Iran, sangue nel giorno dell'anniversario della Rivoluzione islamica

Iran, sangue nel giorno dell'anniversario della Rivoluzione islamica

Iran, sangue nel giorno dell'anniversario della Rivoluzione islamica

TEHERAN - Scontri nel giorno del trentunesimo anniversario della Rivoluzione islamica in Iran. Una giovane di 27 anni, secondo quanto riportato da diversi blog, sarebbe stata uccisa da un colpo d'arma da fuoco vicino a piazza Vali Asr. La notizia, tuttavia, non è stata confermata da nessun organo di polizia. Ma su Twitter è rimbalzata la voce che i decessi sarebbero in totale: oltre alla ragazza, hanno perso la vita una persona a Teharan ed un'altra a Shiraz.

 

Non sono mancati i tafferugli tra manifestanti dell'Onda verde e forze di sicurezza. I feriti sarebbero una decina. Gli oppositori sono scesi in piazza non solo a Teharan, ma anche nelle città di Isfahan, Mashhad, Ahwaz e Shiraz.

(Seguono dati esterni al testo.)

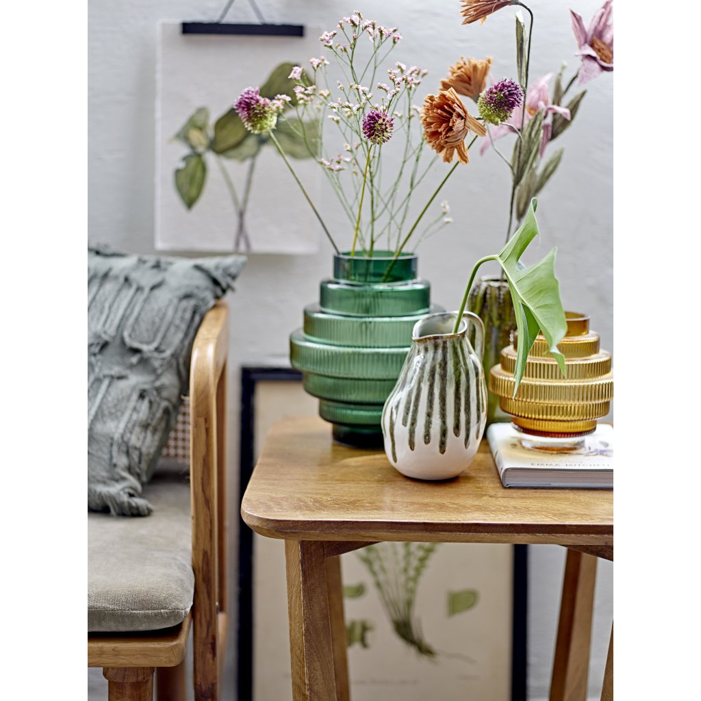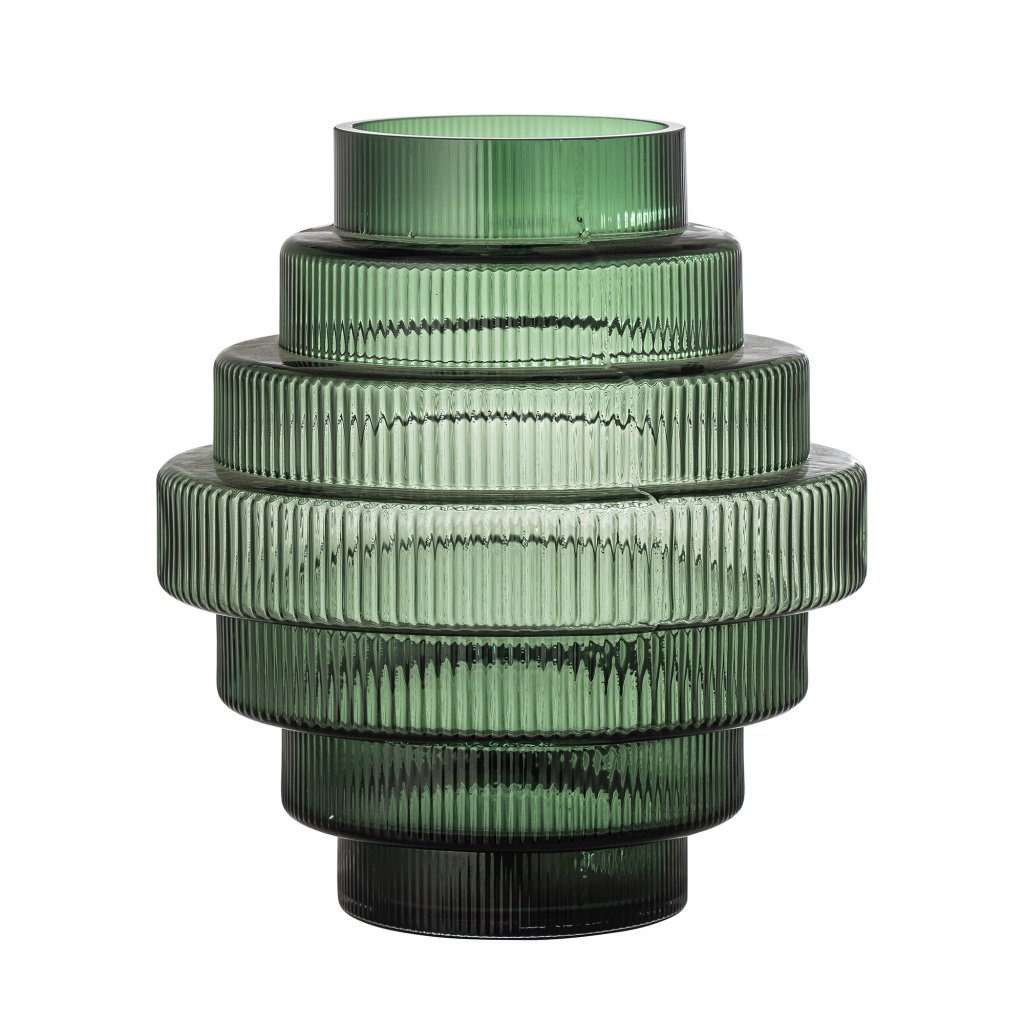 Designová váza BETTIE od dánského výrobce nádherného nábytku BLOOMINGVILLE. Krásná skleněná váza je vyrobena ze zeleného barveného skla s úžasnými detaily. Váza má velmi zajímavý design, který mísí rovné linie a tvarované prvky. Stylová váza, kterou doplníte jakoukoli květinou a rozzáříte tak svůj interiér.
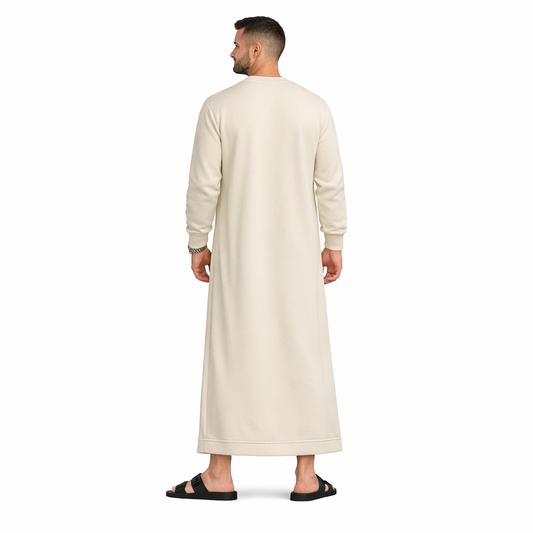 Donchie Men's Cream Sweatshirt Thobe Jubbah Cotton Fleece
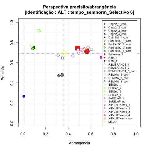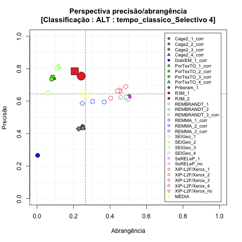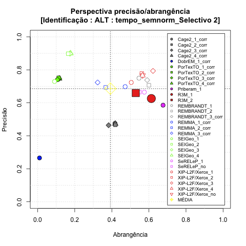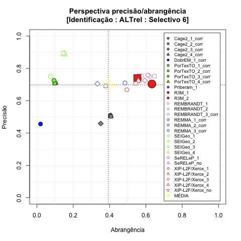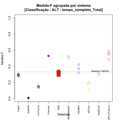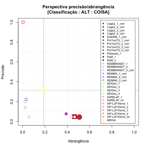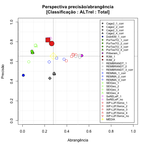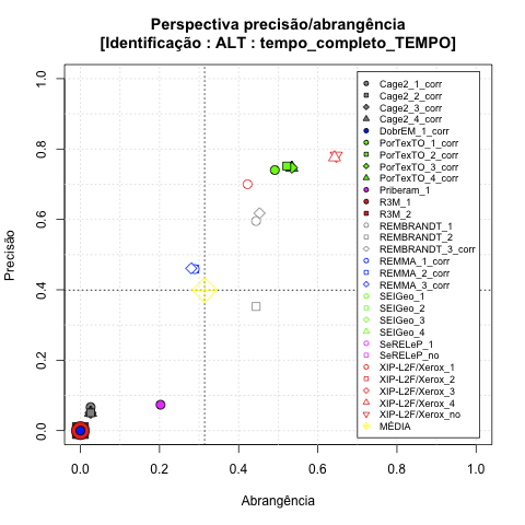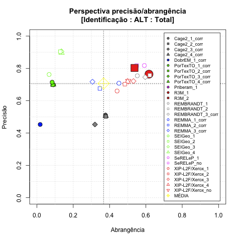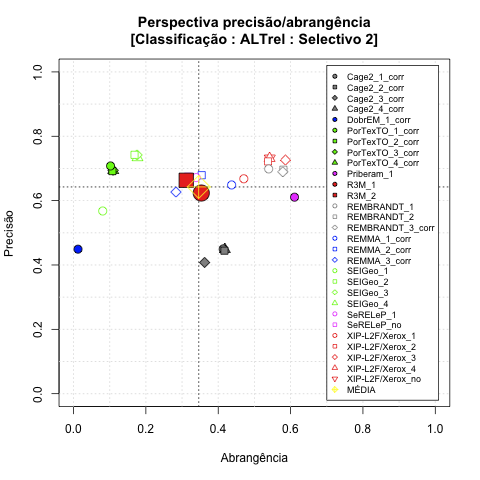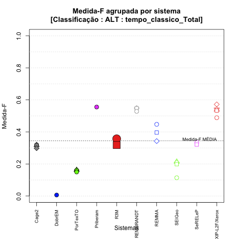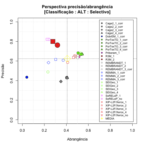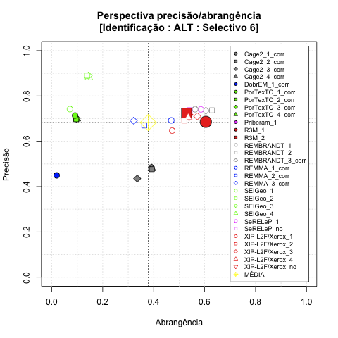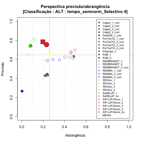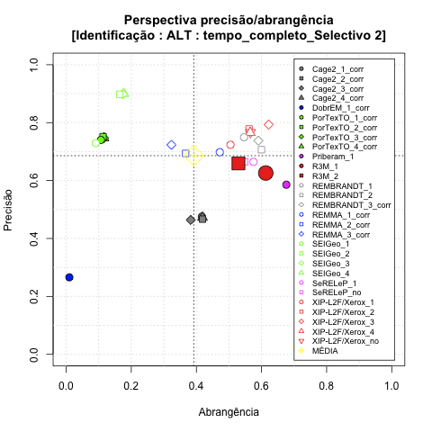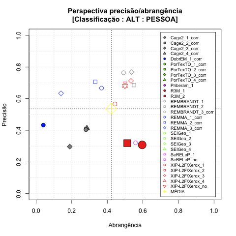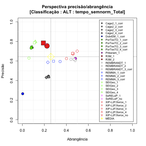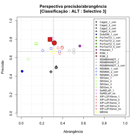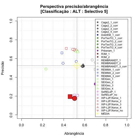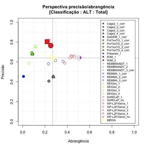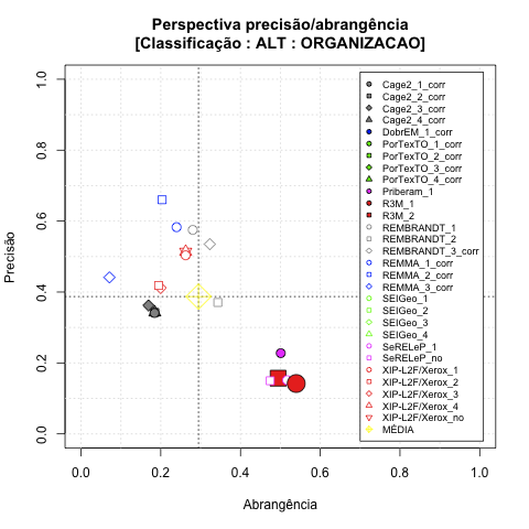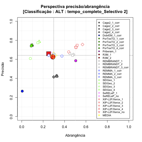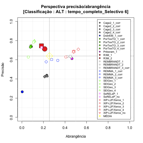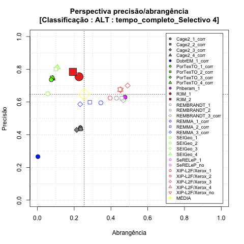 - com tamanho maior, no caso de gráficos comparativos precisão/abrangência e também no caso dos gráficos apenas com medida-F;

La Polizia ha sparato proiettili di vernice per identificare i dimostranti. Mentre stavano per prender parte alle celebrazioni della Rivoluzione islamica, sono stati aggrediti il leader riformista Mehdi Karrubi e l'ex presidente Mohammad Khatami.

 

Giovedì ha parlato il presidente iraniano Mahmud Ahmadinejad, che ha sferrato un duro attacco contro il presidente degli Stati Uniti, Barack Obama, ed Israele. Secondo Ahmadinejad, Obama "sta perdendo l'occasione di agire in modo corretto". "Vorremmo che avesse successo nelle sue riforme, nel fare il bene del popolo americano e nel rimediare alle politiche disumane di Bush - ha affermato il presidente americano -, non vogliamo che soccomba alla pressione di un banda di sionisti, ma sta perdendo l'occasione".

 

Parlando di Israele Ahmadinejad ha detto che "il regime sionista si avvicina alla sua distruzione". Anche mercoledì sera, in un colloquio telefonico con il presidente siriano Bashar al-Assad, Ahmadinejad era tornato ad attaccare Israele, spiegando che l'Iran resisterà a un'eventuale attacco militare nella regione mediorientale e che sarà l'occasione per eliminare il Paese. Il leader di Teharan, che ha spesso minacciato di voler cancellare "il regime sionista dalle mappe geografiche", ha aggiunto che l'Iran rimarrà al fianco di Siria, Libano e Palestina.